One of the things that the proposal suggests is tidying up the position around arrival and entry for illegal entry, which is quite important. I recognise what you describe, but the NCA would never be involved in uniformed border control, where the mass criminalisation that you describe as a risk is something that would be the net impact of what we do. We are intelligence-led and deal with organised crime. Looking at it from that angle, I can see the benefit of those measures.
Sure, but our concern is that that is exactly what the Bill does, and obviously we will hear evidence from UNHCR and various others who have that concern as well. Thank you for your evidence.
Q
You talked about the factors that had led smuggling gangs and others to move from lorry and train crossings to boat crossings. We heard from witnesses earlier that we blocked off the opportunity to board lorries through the fortifications around terminals, which was one of the factors that pushed people to the more desperate route of boats. The Home Office’s own impact assessment of the Bill says that there is a serious risk that these measures could encourage people to attempt even riskier routes. Do you think that is a factor we should bear in mind?
Rob Jones: Displacement, in terms of protecting security measures, is always a potential second-order consequence. Organised crime is flexible, and we will respond to that. In terms of where we are at now with the general maritime threat, this does need dealing with. We are trying to second guess where people will go next. We had a terrible mass casualty event in Purfleet, where people were locked into a fridge box. We have had fatalities in the channel already, so we know just how ruthless some of the individuals involved are.
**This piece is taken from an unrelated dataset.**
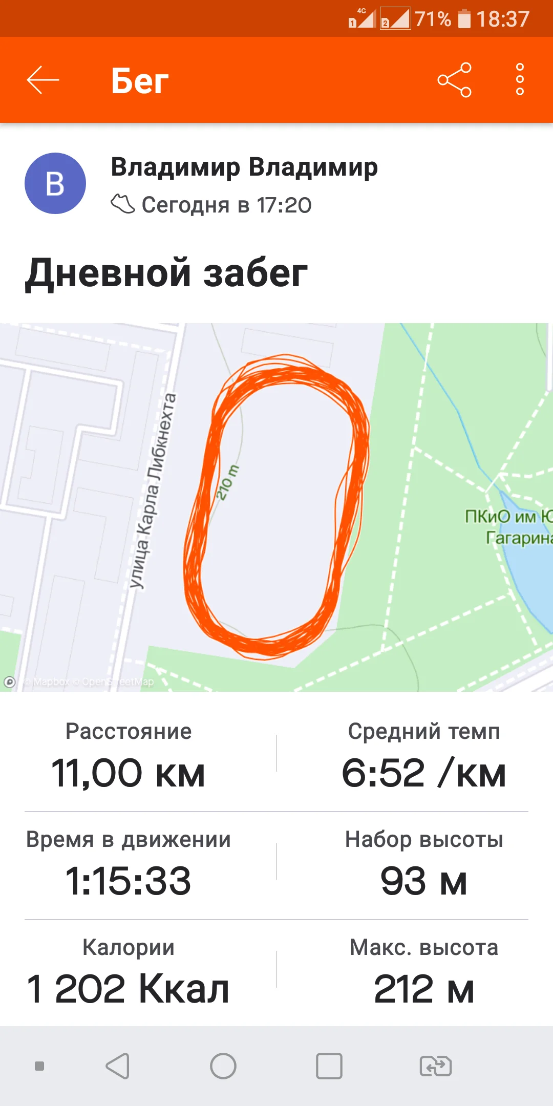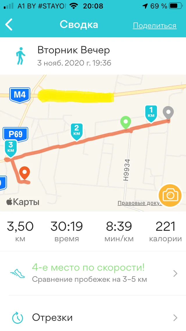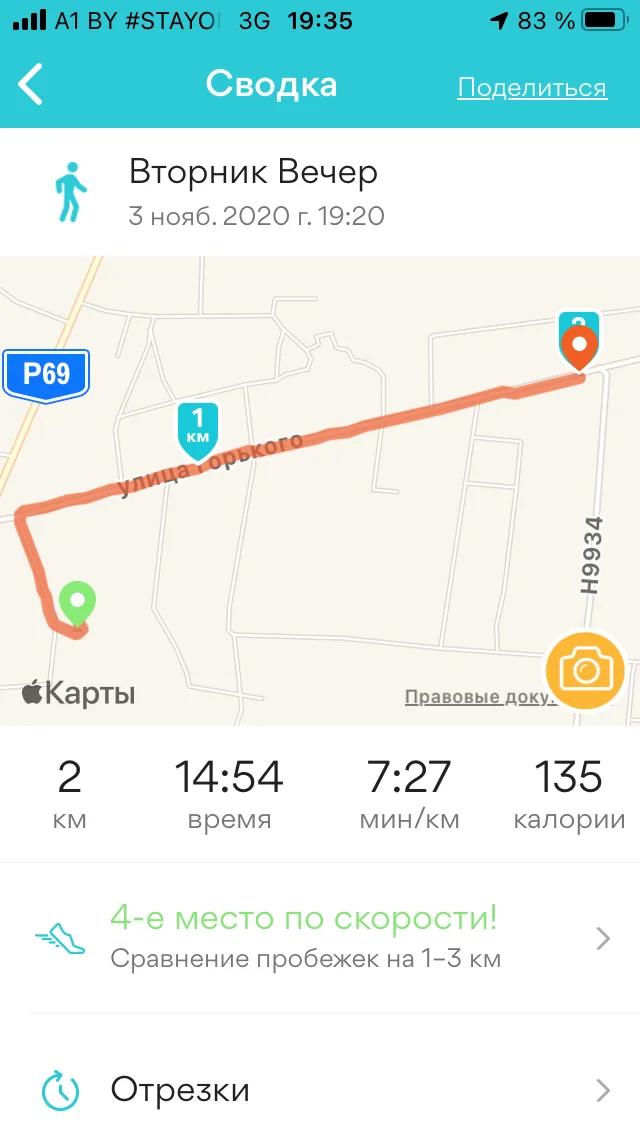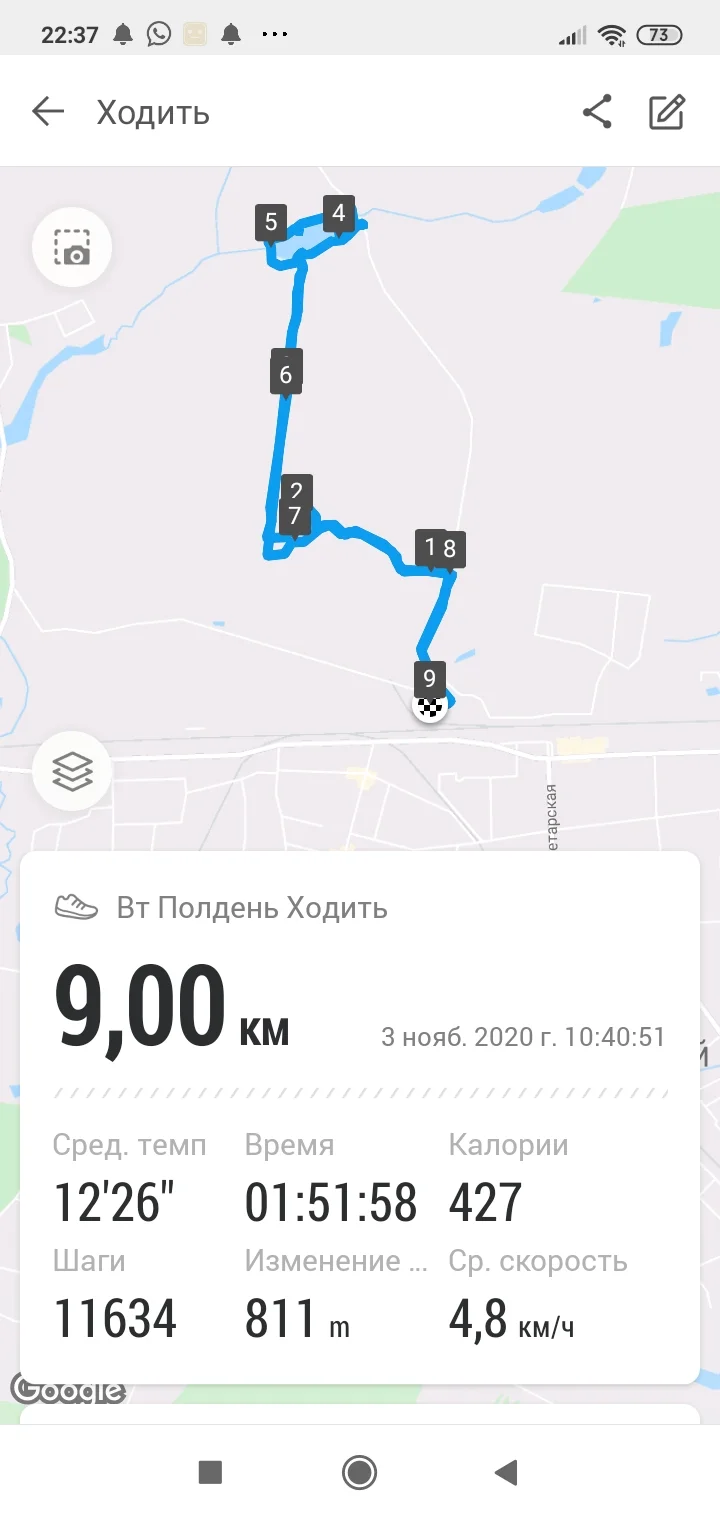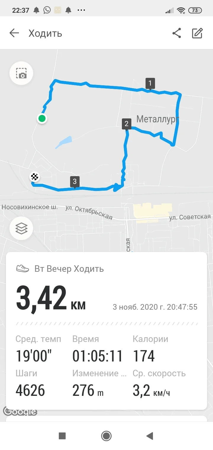Всем доброго вечера) 03.11 доожждь... но двигался, правда без восторга... бежал - 2км, ходил - 3,5 км всего -5,5км Хорошего настроения всем!!

We are trying to second guess where they may go next. We already know that bigger vessels have been used, and some of these tactics we have spoken about are important in dealing with bigger vessels.
I think we have pretty much got to the point now where a lot of the tactics and trade craft used in the eastern Mediterranean and other areas of the world are now being deployed in high-risk clandestine entry to the UK. That risk has already manifested itself. We need to live with it, confront it and deal with it, because it is happening now. With the numbers that we see and some of the vessels that are in the channel, we do need to do something different. It has grown to the point where you now have 50 or 60 people in vessels that are not licensed and that are taped together with plywood floors. That is, unfortunately, going to end one way unless it is disrupted, so it does need a second look.
On the displacement point, yes, it is a risk, but where is it? We are now living with a range of tactical options from smugglers that pretty much covers all of the modes. The riskiest one right now is, unfortunately, the English channel and small boats.